TRY IT> Every line in the records below between the one holding "形制规整,工艺精湛,包浆温润" and the one holding "يتم قراءة التقرير", inclusive, is to be set down exactly; all other lines are to be left out.

DATASET RECORDS>
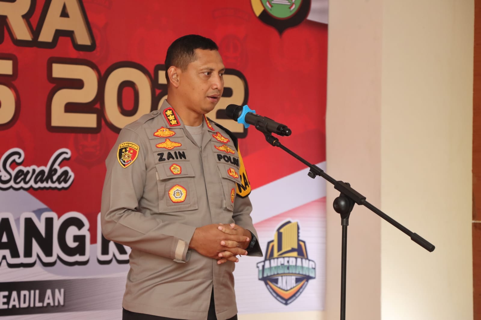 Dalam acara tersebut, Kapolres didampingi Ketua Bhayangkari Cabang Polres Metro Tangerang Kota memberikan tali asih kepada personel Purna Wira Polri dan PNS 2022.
* * *
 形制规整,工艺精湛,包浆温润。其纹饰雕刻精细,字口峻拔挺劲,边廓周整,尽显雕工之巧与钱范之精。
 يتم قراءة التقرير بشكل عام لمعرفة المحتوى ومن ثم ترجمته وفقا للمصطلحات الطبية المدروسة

TASK SOLUTION>
 形制规整,工艺精湛,包浆温润。其纹饰雕刻精细,字口峻拔挺劲,边廓周整,尽显雕工之巧与钱范之精。
 يتم قراءة التقرير بشكل عام لمعرفة المحتوى ومن ثم ترجمته وفقا للمصطلحات الطبية المدروسة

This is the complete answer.